Para tener una mejor fotografía, Car and Driver destacaba que un coche tan de nicho como el Toyota GR Yaris ya se había situado en 12.000 unidades. O que le Volkswagen ID.4 ya había conseguido poner en el mercado más de 20.000 unidades. Y las previsiones sólo apuntan a que el mercado mundial de coches eléctricos seguirá creciendo.

¡El futuro es híbrido! Para justificar esta decisión, Toyota ha puesto un ejemplo muy visual: con cada batería de 100 kWh de capacidad, el fabricante puede producir 90 Toyota Prius híbridos eléctricos y seis Toyota RAV4 híbridos enchufables. Es decir, Toyota sigue prefiriendo vender a volumen en lugar de menos unidades a un mayor precio, como sí anunció Volkswagen.
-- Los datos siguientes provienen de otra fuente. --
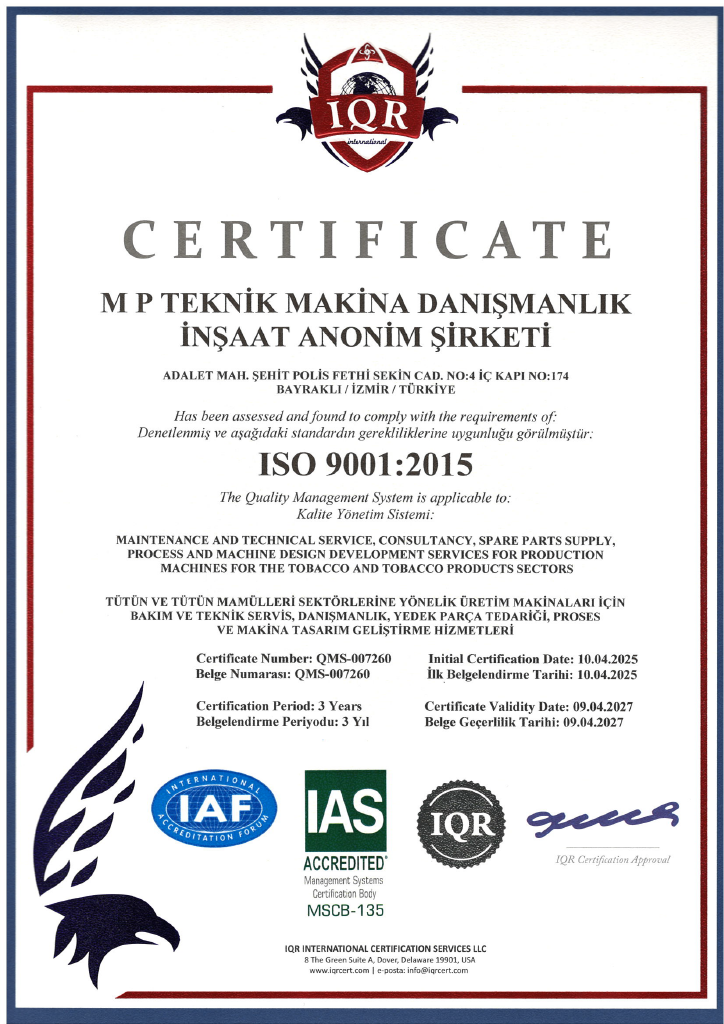 MP Technic is a corporate company providing production support, technical service, spare parts and innovative solutions globally for tabacco and cigarette industry.

"El tiempo está de nuestro lado. Esta escasez, no sólo de materiales para baterías, sino también de infraestructura de recarga, dejará muy claro que no hay una solución única para todos, y que la mejor respuesta es, en realidad, una mezcla de distintos tipos de vehículos", aseguraba Gill Pratt, jefe científico de Toyota a Automotive News.

A vueltas con el coche eléctrico. Las declaraciones están en consonancia con las expectativas que la marca tiene puestas en las tecnologías del futuro. En Toyota se han cansado de decir por activa y por pasiva que no creen en el coche eléctrico como alternativa única a los motores de combustión.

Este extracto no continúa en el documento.